Speed Optimization Tips
The solutions and options to improve a given site speed will depend on the current analysis and status of the site. Largely the optimizations which are commonly needed for most pages will be regarding unused resources reduction and functional improvements. This includes the following elements:
- Images Optimization — Images are by far the most requested resources and are widely regarded as very important assets for every site. Badly-optimized, slow-loading, and improperly tagged images can severely hinder the Google report and ranking. Using a proper compression with not much of quality loss will lead to the best possible results and improvement of site loading.
- Use of Content Delivery Networks (CDNs) — Data will be much faster to load if the users resort to the use of content delivery networks. These are large servers that are found around the world and provide selected users data (mainly images and multimedia assets). This greatly increases loading speed by creating a local copy of the requested file to a geographically-closer location. A considerable page speed improvement will be achieved if they are enabled.

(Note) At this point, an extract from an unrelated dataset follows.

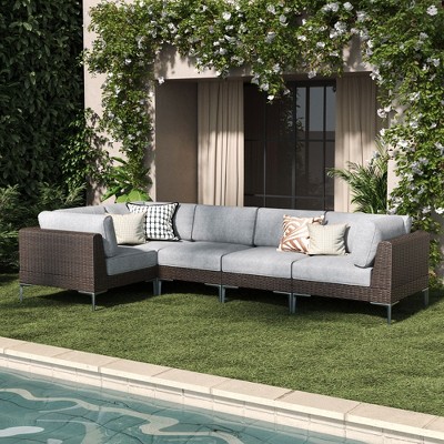 ALAULM 11 Pieces Patio Furniture Set, Rattan Wicker Outdoor Conversation Sets, Furniture Sofa Set w/43in Propane Fire Pit Table

Other improvement techniques that can be used by the website owners include the use of various Web caching technologies — they are usually implemented by the web server of the host or enabled through a plugin activated through the dynamic content management systems.
Due to the fact that the Google PageSpeed Insights operates by testing the site through emulated devices, including a mobile one, one of the best tips e can give you is the use of the Google AMP Project. This is short for Accelerated Mobile Pages and is a presentation of the page in a mobile-friendly format, that is controlled by special formatting. Google indexes these pages fairly quickly if they confront the standards. They are known for loading fast and being outlined with a special “bolt” graphics image next to them in a search engine query.
Enabling compression will lead to an improvement of the web speed, the speed enhancement will likely depend on the chosen algorithm. This is usually done by the web hosting service’s control panel or via a special plugin designed to enable this feature.
The Google PageSpeed Insights do offer a sensible and detailed analysis into how a given website operates, however it is very difficult to give detailed instructions on how to optimize websites, as the results and mechanisms will depend on the current status of the chosen site. Particular improvement will be evident when all issues have been amended.
This article however gives some of the most common tips that are used for speed optimization, faster content delivery, and bug-free loading of the individual pages. One of the most important aspects regarding a well-functioning site involves the creation of mobile-friendly content and one that confronts to the best development practices as seen by Google and the other search engines.
Most of the advice can be followed by the website owners, while some of the tips may require specific configuration of the servers and technologies that are powering the site. You can check with your hosting provider to see if they provide automated solutions for site optimizations or specific guides on how this can be achieved. We at Howtohosting.guide will continue to provide useful advice to improve page loading speed.